“Çobanlar ‘Bizi kurtarın’ diye bağırınca köylüler yardıma koştu. Çobanları ve hayvanları kurtarmaya çalışırken öldüler.’’
Bu sözler 20 Haziran’da Diyarbakır – Mardin sınırında çıkan yangında 10 kişinin hayatını kaybettiği Yücebağ köyünün muhtarı Vedat Demir’e ait.
Yangının başladığı Perşembe akşamı bölgede aniden bir fırtına çıktı.
Köylülerin anlatımına göre fırtınayla birlikte elektrikler gitti, geldi.
Köy sakinleri dışarı çıktıklarında Diyarbakır’ın Çınar ilçesine bağlı Köksalan köyünden yükselen alevleri gördüler.
Saat 22:00 civarında başlayan yangın kısa sürede rüzgarın etkisiyle yayılmış, göz açıp kapayıncaya kadar alevler Mardin’deki Yücebağ köyüne de ulaşmıştı.

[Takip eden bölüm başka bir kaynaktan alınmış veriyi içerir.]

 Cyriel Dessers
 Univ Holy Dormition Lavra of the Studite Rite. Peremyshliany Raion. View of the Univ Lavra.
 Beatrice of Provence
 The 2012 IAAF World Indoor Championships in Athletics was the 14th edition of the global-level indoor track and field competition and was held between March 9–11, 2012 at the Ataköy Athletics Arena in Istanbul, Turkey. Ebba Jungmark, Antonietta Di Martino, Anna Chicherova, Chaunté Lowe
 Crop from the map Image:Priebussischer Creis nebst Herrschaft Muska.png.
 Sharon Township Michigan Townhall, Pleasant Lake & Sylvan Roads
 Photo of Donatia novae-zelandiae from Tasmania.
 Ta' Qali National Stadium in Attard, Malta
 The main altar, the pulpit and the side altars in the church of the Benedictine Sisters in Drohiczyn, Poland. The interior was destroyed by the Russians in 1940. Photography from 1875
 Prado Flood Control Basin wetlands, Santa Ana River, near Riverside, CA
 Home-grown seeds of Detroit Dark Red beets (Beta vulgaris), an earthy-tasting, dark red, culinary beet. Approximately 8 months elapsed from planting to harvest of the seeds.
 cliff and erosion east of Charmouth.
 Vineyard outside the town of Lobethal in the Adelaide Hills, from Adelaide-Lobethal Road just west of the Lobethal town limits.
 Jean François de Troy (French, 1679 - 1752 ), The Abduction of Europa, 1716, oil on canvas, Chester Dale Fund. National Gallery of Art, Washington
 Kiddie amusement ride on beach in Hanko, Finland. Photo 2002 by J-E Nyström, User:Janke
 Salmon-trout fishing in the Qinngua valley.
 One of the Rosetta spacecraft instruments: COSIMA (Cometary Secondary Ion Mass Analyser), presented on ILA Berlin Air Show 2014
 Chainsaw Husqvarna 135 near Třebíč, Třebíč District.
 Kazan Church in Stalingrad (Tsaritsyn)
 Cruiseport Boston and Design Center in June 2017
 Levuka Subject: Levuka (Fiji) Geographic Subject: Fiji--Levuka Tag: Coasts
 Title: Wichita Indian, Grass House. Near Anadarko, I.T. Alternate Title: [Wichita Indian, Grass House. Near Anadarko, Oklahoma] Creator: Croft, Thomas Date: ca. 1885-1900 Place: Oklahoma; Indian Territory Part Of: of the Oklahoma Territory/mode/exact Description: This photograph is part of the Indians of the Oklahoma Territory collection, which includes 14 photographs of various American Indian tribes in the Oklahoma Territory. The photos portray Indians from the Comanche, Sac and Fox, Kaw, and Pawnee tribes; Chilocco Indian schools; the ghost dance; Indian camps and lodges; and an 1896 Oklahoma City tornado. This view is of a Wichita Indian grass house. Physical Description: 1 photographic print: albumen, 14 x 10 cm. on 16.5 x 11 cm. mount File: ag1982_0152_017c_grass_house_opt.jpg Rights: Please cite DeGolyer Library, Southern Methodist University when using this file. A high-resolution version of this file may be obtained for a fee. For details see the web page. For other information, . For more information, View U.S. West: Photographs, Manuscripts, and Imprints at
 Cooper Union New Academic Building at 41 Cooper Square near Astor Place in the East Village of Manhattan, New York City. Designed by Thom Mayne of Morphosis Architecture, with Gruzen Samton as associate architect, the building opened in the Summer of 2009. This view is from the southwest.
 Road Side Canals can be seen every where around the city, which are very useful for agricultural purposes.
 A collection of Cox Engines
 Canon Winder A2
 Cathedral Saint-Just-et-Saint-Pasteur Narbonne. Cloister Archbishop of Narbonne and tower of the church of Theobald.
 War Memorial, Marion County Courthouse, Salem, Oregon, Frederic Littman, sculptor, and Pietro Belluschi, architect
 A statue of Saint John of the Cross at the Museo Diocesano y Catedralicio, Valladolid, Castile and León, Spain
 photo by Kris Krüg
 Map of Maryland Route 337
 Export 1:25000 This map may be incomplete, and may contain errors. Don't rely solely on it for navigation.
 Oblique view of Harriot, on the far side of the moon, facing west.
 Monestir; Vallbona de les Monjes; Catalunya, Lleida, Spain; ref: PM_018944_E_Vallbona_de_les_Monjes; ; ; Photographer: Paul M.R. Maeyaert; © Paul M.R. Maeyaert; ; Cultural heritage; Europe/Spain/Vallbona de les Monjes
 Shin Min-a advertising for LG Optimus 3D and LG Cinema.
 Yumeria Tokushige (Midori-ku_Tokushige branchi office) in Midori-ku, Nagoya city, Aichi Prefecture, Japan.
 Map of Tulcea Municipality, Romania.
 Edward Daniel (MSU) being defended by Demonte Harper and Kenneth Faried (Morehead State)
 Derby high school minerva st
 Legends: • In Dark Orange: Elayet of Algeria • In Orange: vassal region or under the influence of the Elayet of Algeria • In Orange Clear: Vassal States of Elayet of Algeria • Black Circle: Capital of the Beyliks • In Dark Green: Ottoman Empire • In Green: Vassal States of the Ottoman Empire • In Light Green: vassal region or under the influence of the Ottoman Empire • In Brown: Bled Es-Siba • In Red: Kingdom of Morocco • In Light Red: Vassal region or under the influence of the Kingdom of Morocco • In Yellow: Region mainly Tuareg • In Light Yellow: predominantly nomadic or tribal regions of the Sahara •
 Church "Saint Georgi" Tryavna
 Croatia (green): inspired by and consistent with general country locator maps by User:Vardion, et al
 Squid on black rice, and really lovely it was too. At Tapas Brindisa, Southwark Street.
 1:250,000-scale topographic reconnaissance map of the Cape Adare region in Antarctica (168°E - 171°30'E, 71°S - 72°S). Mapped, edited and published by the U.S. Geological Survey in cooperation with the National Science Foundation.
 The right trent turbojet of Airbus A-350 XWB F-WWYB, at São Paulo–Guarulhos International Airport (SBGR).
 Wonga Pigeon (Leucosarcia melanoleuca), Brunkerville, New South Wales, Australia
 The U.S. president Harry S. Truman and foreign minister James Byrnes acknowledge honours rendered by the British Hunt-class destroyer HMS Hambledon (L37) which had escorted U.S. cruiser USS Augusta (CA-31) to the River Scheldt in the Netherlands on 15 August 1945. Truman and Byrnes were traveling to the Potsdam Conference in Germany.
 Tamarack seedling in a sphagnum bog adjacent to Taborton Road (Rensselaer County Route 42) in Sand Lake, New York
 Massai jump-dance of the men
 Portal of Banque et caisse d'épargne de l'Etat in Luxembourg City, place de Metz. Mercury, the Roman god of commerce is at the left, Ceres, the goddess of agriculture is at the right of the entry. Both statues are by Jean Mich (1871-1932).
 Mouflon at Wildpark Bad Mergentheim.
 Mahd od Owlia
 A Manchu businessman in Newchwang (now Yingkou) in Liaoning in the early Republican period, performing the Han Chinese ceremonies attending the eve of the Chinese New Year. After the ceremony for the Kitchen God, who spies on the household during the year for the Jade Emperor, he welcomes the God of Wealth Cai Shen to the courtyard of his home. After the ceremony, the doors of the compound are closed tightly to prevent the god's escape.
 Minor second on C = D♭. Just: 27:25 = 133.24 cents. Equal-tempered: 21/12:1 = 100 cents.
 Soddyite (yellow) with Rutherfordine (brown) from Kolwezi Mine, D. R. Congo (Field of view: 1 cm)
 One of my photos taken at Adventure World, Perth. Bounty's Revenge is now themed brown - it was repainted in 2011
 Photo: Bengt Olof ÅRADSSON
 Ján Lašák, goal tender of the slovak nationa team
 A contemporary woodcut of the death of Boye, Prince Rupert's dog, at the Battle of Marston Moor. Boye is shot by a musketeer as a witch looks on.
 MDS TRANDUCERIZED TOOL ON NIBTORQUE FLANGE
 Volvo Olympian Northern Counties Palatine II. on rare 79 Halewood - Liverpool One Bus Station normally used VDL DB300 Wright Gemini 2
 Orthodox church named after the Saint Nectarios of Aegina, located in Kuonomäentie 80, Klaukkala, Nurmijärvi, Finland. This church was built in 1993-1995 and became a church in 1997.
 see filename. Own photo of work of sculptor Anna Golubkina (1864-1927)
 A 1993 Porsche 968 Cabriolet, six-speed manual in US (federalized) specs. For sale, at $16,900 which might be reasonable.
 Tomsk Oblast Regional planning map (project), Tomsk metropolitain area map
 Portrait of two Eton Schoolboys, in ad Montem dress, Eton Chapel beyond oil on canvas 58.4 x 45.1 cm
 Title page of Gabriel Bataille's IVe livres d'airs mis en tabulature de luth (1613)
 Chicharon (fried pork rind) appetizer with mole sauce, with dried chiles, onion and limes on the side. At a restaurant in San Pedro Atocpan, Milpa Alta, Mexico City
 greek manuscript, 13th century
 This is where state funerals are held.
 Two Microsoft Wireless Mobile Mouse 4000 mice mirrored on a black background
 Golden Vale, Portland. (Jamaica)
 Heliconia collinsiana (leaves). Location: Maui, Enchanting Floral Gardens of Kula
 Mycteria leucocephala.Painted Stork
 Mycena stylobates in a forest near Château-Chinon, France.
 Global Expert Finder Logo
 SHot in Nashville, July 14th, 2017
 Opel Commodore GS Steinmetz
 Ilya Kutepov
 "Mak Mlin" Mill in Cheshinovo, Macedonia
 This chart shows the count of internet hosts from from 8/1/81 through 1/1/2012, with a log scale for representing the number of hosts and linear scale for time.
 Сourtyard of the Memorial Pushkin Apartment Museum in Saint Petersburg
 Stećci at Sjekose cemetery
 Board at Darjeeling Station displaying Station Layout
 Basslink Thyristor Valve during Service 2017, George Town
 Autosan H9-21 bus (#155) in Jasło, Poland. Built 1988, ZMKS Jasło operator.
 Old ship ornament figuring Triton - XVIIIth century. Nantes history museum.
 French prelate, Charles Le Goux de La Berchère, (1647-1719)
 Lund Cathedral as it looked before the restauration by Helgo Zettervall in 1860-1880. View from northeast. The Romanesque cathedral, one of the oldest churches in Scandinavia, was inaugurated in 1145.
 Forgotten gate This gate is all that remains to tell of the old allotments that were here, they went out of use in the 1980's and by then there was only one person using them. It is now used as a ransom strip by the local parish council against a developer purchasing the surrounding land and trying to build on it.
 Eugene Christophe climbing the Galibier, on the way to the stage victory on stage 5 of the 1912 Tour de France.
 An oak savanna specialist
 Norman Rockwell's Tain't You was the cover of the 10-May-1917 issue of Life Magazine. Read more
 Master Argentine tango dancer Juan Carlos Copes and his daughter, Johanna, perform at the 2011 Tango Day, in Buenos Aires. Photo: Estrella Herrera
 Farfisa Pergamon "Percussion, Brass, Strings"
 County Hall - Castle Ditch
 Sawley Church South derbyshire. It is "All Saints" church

Bu iki köyden yangında hayatını kaybedenlerin sayısı 15’e yükseldi. 78 yaralı var. Binden fazla hayvan öldü. Yangın Diyarbakır’da 8 bin 100, Mardin’de ise 7 bin dönüm alanda hasara yol açtı. Toplam 5 bin 450 dönüm ekili arazi yandı.
Aradan bir hafta geçti. Buna rağmen yangının nedenini bile tam olarak bilmiyoruz.
Diyarbakır Valiliği yaptığı ilk açıklamada yangının anız yakımından, yani tarlalarda hasattan sonra ekinlerin toprakta kalan kök ve saplarının kasıtlı olarak yakılması sonucu çıktığını ifade etti.
Ancak köylüler, görgü tanıkları ve bölgede inceleme yapan uzmanlar, yangının bölgedeki elektrik enerjisi dağıtıcısı DEDAŞ’ın yenilemediği elektrik telleri yüzünden çıktığı görüşünde.
Savcılık olayla ilgili başlatılan soruşturma dosyası için hazırlanan ve aynı görüşü paylaşan bilirkişi raporunu yetersiz bularak daha kapsamlı bir rapor talep etti. DEDAŞ ise yangının elektrik iletim hatlarından çıktığı iddiasını reddediyor.
Fayn, tüm bu tartışmalar sürerken bölgedeki köylüler, yangına tanıklık edenler ve uzmanlarla konuştu.
‘Köydeki elektrik direkleri ağaçtan ve 43 yıllık’
Mardin’e bağlı Yücebağ köyünün muhtarı Vedat Demir, 50 yaşında. Köyden 10 kişinin alevler arasında can verdiği o geceyi, ‘‘Hayatımda ilk kez bu kadar büyük yangın gördüm’’ diye tarif ediyor.